Ryšavý Petr, Železný Filip
Department of Computer Science, Faculty of Electrical Engineering, Czech Technical University in Prague, Prague, Czech Republic.
BioData Min. 2023 Mar 27;16(1):13. doi: 10.1186/s13040-023-00329-x.
Clustering of genetic sequences is one of the key parts of bioinformatics analyses. Resulting phylogenetic trees are beneficial for solving many research questions, including tracing the history of species, studying migration in the past, or tracing a source of a virus outbreak. At the same time, biologists provide more data in the raw form of reads or only on contig-level assembly. Therefore, tools that are able to process those data without supervision need to be developed.

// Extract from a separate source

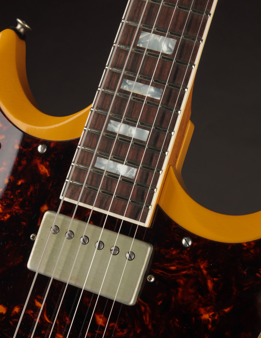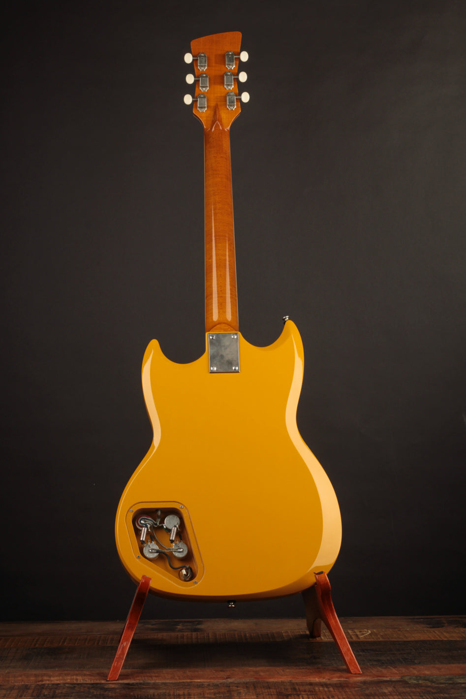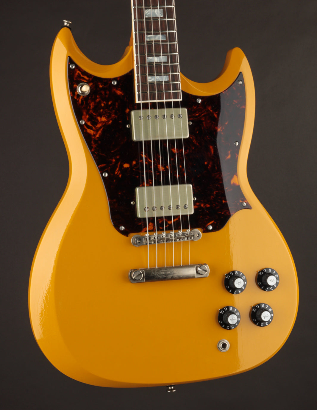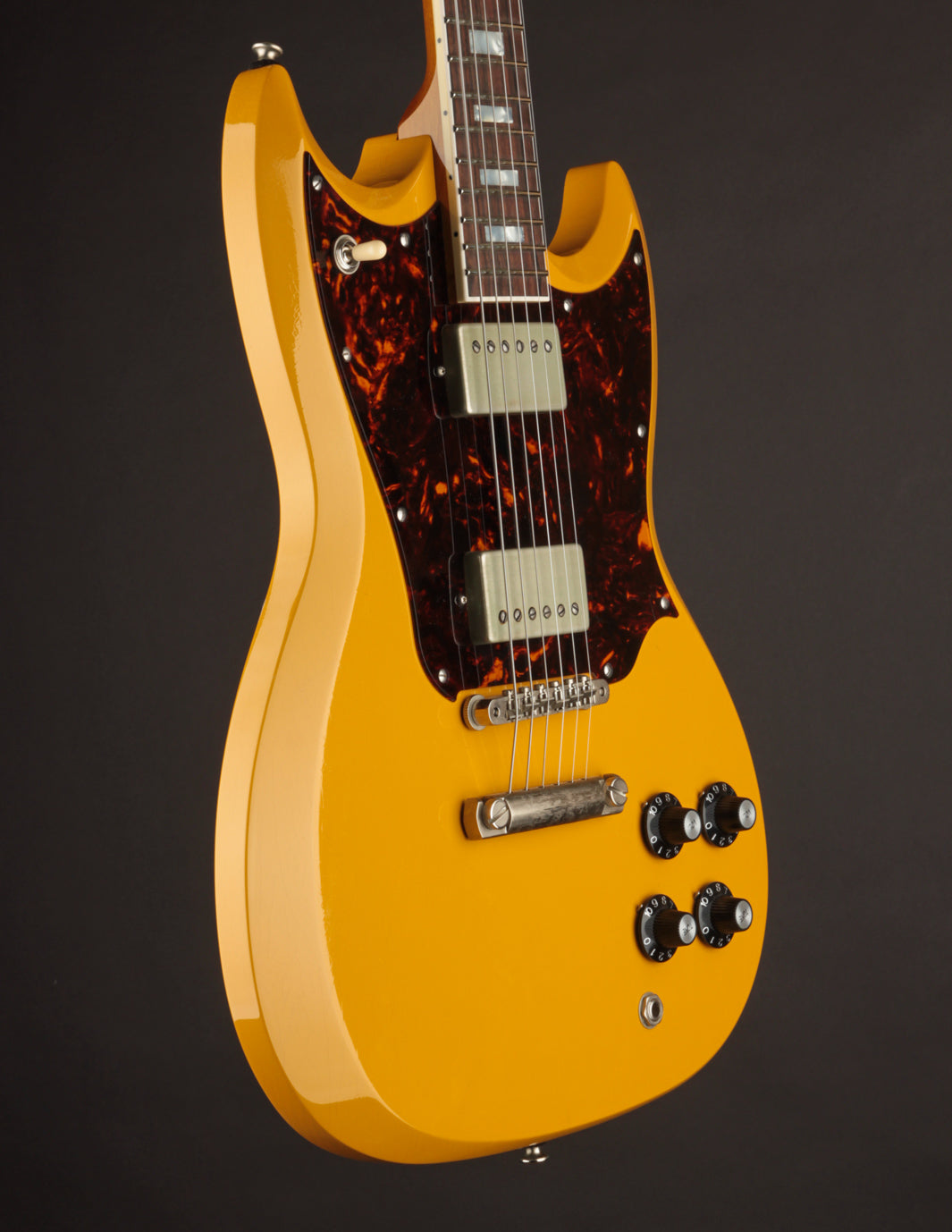 Finished in a beautifully relic'd color the Frank Brothers call Yellow Oxide, the Radar is the kind of instrument that invites you to plug in and lose track of time, which is exactly what happened the moment we picked it up.

In this paper, we present a tool for reference-free phylogeny capable of handling data where no mature-level assembly is available. The tool allows distance calculation for raw reads, contigs, and the combination of the latter. The tool provides an estimation of the Levenshtein distance between the sequences, which in turn estimates the number of mutations between the organisms. Compared to the previous research, the novelty of the method lies in a newly proposed combination of the read and contig measures, a new method for read-contig mapping, and an efficient embedding of contigs.
基因序列聚类是生物信息学分析的关键部分之一。由此产生的系统发育树有助于解决许多研究问题,包括追溯物种历史、研究过去的迁移情况或追踪病毒爆发的源头。与此同时,生物学家提供的原始数据形式更多是读段或仅为重叠群水平的组装数据。因此,需要开发能够在无监督情况下处理这些数据的工具。
在本文中,我们提出了一种用于无参考系统发育分析的工具,该工具能够处理尚无成熟水平组装数据的情况。该工具允许对原始读段、重叠群以及两者的组合进行距离计算。该工具提供了序列之间的莱文斯坦距离估计,进而估计生物体之间的突变数量。与先前的研究相比,该方法的新颖之处在于新提出的读段和重叠群度量的组合、一种新的读段-重叠群映射方法以及重叠群的有效嵌入。